Environmental regulations are one such area where externalities are relevant and immediate. (If New Eagle wants strict air quality standards, and Columbia doesn’t, then New Eagle will not actually be able to implement their policies because of the prevailing winds.) Likewise with climate change: New Eagle dramatically reducing its emissions is practically meaningless, in the overall scheme of things, if other states and countries do not. In other areas, though, like transportation, education, and health care policy, externalities are much less relevant, and as such we should be open to broad and bold experimentation at the local level.
Moving towards a locality-driven approach means that we should become more comfortable with regional differences in our country: they’re not necessarily failures; they’re learning experiences, and opportunities to grow.
Decentralization need not be entirely limited to the states, though. In general, subsidiarity is the way to go: drive the decision-making to as low a level of government or organization as it can go.
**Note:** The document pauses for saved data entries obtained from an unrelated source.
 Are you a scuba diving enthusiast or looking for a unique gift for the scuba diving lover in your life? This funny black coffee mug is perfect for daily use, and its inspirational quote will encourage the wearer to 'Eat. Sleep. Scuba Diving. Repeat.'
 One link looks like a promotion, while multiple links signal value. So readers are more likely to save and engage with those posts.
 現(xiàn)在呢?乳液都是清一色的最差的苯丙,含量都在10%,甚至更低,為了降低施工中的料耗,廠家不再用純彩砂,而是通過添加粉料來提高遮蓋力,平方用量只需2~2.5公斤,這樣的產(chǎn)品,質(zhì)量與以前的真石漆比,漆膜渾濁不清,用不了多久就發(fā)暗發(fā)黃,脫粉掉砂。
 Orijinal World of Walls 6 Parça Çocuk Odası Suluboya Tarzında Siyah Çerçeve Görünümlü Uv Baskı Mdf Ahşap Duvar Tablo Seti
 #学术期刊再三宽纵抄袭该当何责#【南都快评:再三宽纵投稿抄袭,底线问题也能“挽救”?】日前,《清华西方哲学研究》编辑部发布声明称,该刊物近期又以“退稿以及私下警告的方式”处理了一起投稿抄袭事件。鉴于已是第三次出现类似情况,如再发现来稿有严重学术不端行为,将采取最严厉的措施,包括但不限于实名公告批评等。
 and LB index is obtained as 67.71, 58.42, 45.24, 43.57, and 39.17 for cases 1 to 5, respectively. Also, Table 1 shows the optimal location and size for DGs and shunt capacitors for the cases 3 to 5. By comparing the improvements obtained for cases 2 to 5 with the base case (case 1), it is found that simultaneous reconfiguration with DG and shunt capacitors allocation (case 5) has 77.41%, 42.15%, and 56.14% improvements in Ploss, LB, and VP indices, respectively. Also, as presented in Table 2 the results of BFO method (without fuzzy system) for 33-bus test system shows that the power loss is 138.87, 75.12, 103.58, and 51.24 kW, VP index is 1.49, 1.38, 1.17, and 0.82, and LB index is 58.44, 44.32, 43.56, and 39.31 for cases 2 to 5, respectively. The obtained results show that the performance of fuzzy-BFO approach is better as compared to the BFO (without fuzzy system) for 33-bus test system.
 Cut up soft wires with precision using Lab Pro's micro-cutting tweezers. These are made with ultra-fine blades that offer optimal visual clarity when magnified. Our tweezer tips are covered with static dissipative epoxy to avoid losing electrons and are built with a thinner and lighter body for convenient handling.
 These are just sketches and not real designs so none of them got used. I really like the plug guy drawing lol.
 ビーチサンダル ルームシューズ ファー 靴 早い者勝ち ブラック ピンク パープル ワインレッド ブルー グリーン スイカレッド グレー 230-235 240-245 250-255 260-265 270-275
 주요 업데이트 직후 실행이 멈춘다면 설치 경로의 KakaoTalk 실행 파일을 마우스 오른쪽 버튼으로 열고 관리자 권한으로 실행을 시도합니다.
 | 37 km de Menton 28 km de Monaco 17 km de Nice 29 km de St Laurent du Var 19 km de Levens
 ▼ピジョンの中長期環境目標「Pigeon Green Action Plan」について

Encourage people to get involved in their own communities, rather than focusing exclusively on the activities of the federal government. The more people are involved, the more they can take ownership of their lives and society, rather than feeling voiceless when pitted against a cold bureaucracy. Most critically, mistakes are less contagious mistakes this way.
One final point here: not all of this needs to be “the government.” Republican Senator Ben Sasse often cites “Rotary Clubs” as the foundation for American civil society. I’ve never lived in a place with an active Rotary Club that had a real visible presence in a community, but I envy that.
People tend to be more charitable when dealing with the local than with the national or international. Having nongovernmental organizations that can step in and provide stability for struggling kids, and public meals for low-income families, and toy drives, and all of the other things that benefit the less fortunate is a must. These are intrinsic goods, and they help us achieve meaning in ways that simply sending a few extra bucks a year in taxes to Washington DC will ever do. On top of that, we shouldn't reject a state-sponsored safety net, but we should steer it towards the local when and where we can.